§ Work instructions: Please give back the listing below word for word and drop any images.

§ Information provided:
+---+

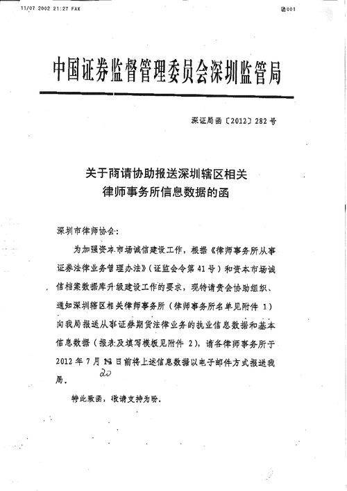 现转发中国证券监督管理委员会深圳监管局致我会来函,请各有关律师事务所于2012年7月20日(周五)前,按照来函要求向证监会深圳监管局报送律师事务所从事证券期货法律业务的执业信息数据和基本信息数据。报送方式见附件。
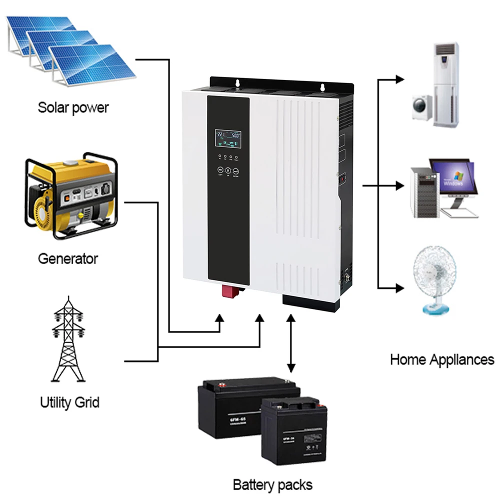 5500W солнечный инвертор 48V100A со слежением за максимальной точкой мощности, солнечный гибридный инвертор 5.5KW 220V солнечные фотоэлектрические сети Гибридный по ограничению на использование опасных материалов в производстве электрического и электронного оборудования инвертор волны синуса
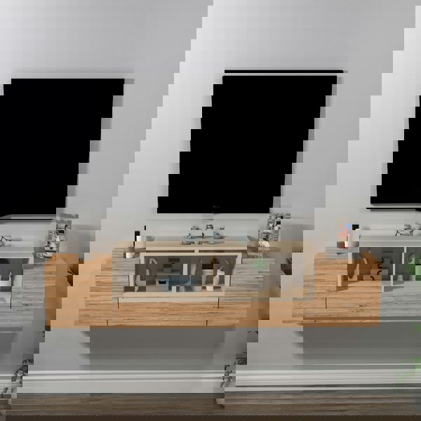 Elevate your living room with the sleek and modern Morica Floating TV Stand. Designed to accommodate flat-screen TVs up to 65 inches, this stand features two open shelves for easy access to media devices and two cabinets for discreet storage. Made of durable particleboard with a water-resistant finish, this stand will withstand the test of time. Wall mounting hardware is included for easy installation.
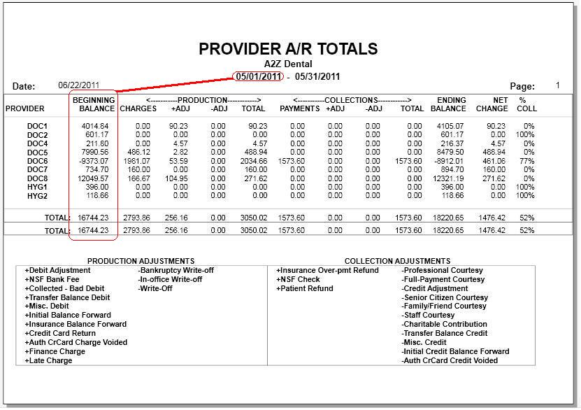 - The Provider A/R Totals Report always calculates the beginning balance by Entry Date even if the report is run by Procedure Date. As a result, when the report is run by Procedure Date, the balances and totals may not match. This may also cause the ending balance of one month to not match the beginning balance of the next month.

+---+

§ Exercise result:
 现转发中国证券监督管理委员会深圳监管局致我会来函,请各有关律师事务所于2012年7月20日(周五)前,按照来函要求向证监会深圳监管局报送律师事务所从事证券期货法律业务的执业信息数据和基本信息数据。报送方式见附件。
 5500W солнечный инвертор 48V100A со слежением за максимальной точкой мощности, солнечный гибридный инвертор 5.5KW 220V солнечные фотоэлектрические сети Гибридный по ограничению на использование опасных материалов в производстве электрического и электронного оборудования инвертор волны синуса
 Elevate your living room with the sleek and modern Morica Floating TV Stand. Designed to accommodate flat-screen TVs up to 65 inches, this stand features two open shelves for easy access to media devices and two cabinets for discreet storage. Made of durable particleboard with a water-resistant finish, this stand will withstand the test of time. Wall mounting hardware is included for easy installation.
 - The Provider A/R Totals Report always calculates the beginning balance by Entry Date even if the report is run by Procedure Date. As a result, when the report is run by Procedure Date, the balances and totals may not match. This may also cause the ending balance of one month to not match the beginning balance of the next month.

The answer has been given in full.